Infectious disease is often the major selective agent in nature, and we cannot understand how populations evolve without understanding their pathogenic microbes. Beyond host immunity, an important factor determining the ability of pathogens to invade a host is how pathogens interact with other pathogens as well as background microbiota. This project investigates these questions in plants. Previous work has largely focused on pairwise interactions between one plant host and one pathogen, leaving a large gap in our understanding of how different types of interactions between microbes, and especially pathogens, determine the outcome of host-pathogen interactions in the real world. This project integrates large-scale field observations of microbes in the plant Arabidopsis thaliana with ultra-high-throughput experimental tests of host-dependent interactions among microbes, allowing experiment-informed modeling of pathogenic microbe-microbe interactions. These models, which will be improved through an iterative process of data collection with synthetic communities, will illuminate how interactions, from pairwise to higher-order, shape microbial community composition and structure. In the final step, the resulting models will be tested against and refined with field data. Together, these efforts will transform the study of plant pathogens by applying deep analyses of microbial interactions in an ecological context to explain patterns in nature. The ultimate goal is to refashion plant-pathogen-microbiome studies into a predictive science.

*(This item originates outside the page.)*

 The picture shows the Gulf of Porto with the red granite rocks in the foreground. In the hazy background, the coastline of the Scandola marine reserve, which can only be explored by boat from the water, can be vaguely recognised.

Natural populations of the plant Arabidopsis thaliana have been extensively characterized for ecological variables across two plant life cycles from fall 2021 to spring 2023. The characterization of microbiota and pathobiota in and on these plants as well as on companion species and soil is ongoing, as is the genetic characterization of the plants. A subset of plants is also being processed for gene expression analyses, to determine the effects of microbial colonization on the immune status of wild plants.

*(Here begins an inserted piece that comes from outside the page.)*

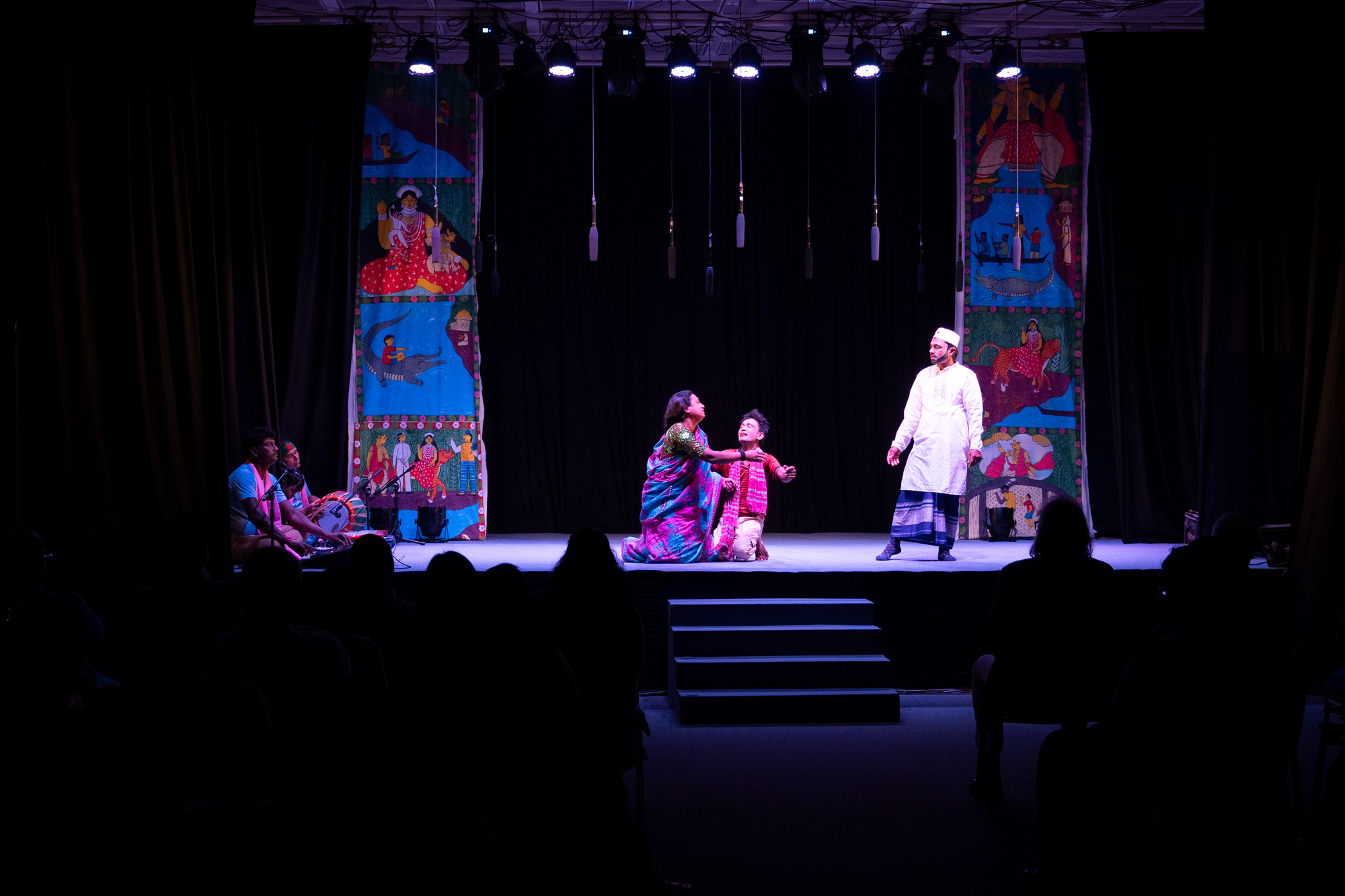 Alongside the four artworks and the Pala, research from The Heritage and Technology Integration Cell, BUET, and Riverine People exhibited illustrations that offered insights into settlement patterns, infrastructure, myths, and ecological systems. The visualisations were executed in the style of traditional Gazir Pot scroll-painting style to pay homage to the roots of the region. Additionally, a series of photographs documented how the project came together by capturing locals and members of the project at work.

Both plant and microbe strains are being barcoded in preparation for massive infection trials. The efficiency and power of the barcoding system has been demonstrated in pilot experiments, and an instrument for massively parallel bacterial infections by spraying has been developed.
Previous work has largely ignored the impact of interactions between pathogens, the pathobiota. This project will provide the first large-scale experimental data set accurately describing the range of interactions, including higher-order interactions, that drive complex microbial communities in the plant phyllosphere.